**What is being asked**: In the records below, repeat word for word only the lines starting at the one that contains "工人在舟山遠洋漁業(yè)基" and ending at the one that contains "Show your Rabbitohs", pictures excluded.

**Data under study**:
▬▬▬▬▬▬
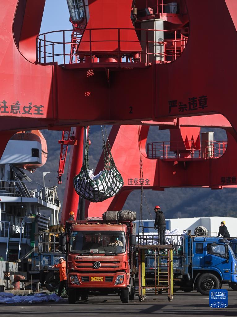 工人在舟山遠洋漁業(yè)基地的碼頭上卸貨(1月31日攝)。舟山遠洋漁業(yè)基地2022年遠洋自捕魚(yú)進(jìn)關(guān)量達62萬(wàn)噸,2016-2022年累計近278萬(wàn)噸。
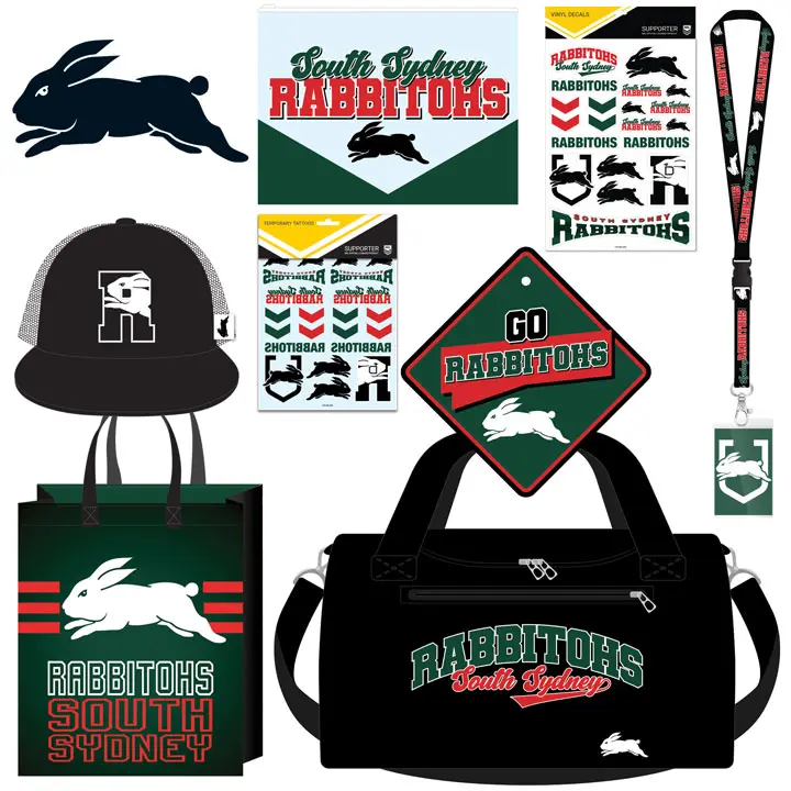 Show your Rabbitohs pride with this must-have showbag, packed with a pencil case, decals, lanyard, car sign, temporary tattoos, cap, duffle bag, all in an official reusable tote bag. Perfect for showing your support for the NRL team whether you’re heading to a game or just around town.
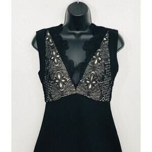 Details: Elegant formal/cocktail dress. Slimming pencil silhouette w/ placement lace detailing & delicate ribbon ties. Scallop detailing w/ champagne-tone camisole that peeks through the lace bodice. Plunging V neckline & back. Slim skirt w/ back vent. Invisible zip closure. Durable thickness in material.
▬▬▬▬▬▬
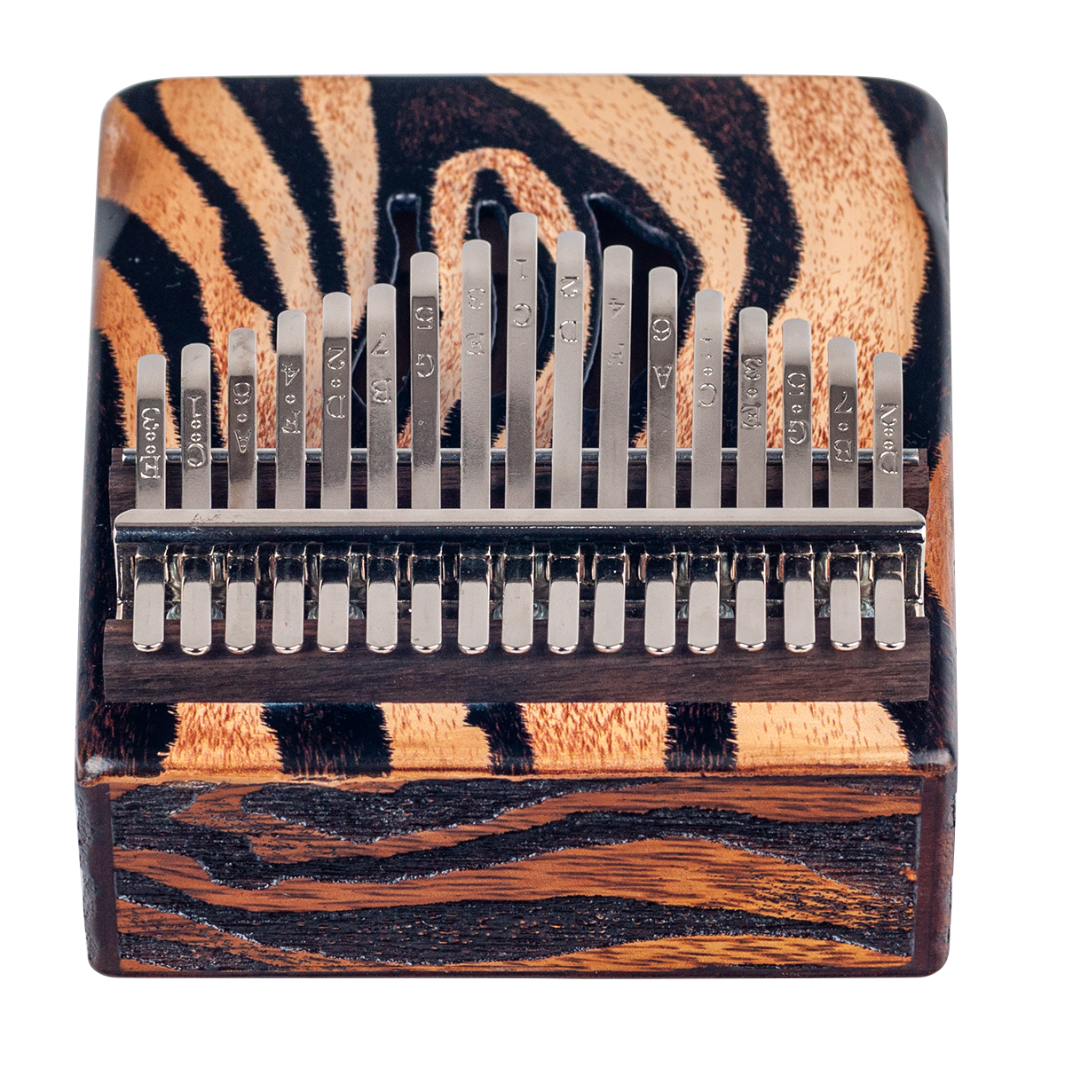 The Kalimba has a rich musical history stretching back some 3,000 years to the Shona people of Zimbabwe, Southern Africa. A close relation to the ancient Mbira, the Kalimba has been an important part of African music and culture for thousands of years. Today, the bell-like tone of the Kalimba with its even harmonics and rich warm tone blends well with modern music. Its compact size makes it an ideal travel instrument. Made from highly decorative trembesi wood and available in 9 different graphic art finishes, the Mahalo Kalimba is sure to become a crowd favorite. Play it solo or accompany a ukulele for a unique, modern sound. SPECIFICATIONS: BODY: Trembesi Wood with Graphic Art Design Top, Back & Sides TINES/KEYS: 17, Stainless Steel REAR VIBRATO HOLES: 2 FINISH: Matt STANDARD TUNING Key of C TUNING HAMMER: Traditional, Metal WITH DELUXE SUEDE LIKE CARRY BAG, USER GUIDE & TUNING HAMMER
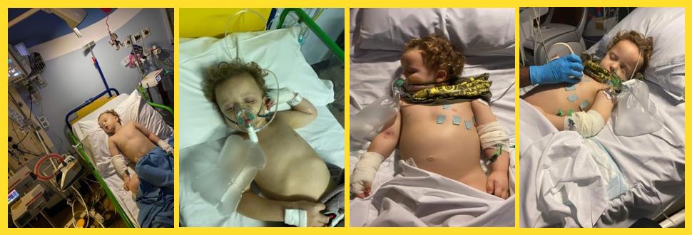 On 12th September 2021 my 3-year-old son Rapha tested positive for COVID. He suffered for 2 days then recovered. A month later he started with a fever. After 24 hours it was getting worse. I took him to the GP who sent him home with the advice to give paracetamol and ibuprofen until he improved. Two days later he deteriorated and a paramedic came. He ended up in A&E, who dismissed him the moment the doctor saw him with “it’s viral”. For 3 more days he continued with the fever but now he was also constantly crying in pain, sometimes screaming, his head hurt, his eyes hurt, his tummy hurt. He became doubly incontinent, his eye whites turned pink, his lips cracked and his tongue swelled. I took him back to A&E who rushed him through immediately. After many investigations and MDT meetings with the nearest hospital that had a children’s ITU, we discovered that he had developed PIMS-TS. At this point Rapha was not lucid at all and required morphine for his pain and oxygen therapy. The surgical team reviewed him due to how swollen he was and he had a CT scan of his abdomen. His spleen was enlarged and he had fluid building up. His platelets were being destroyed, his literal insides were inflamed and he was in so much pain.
▬▬▬▬▬▬
**Expected output**:
 工人在舟山遠洋漁業(yè)基地的碼頭上卸貨(1月31日攝)。舟山遠洋漁業(yè)基地2022年遠洋自捕魚(yú)進(jìn)關(guān)量達62萬(wàn)噸,2016-2022年累計近278萬(wàn)噸。
 Show your Rabbitohs pride with this must-have showbag, packed with a pencil case, decals, lanyard, car sign, temporary tattoos, cap, duffle bag, all in an official reusable tote bag. Perfect for showing your support for the NRL team whether you’re heading to a game or just around town.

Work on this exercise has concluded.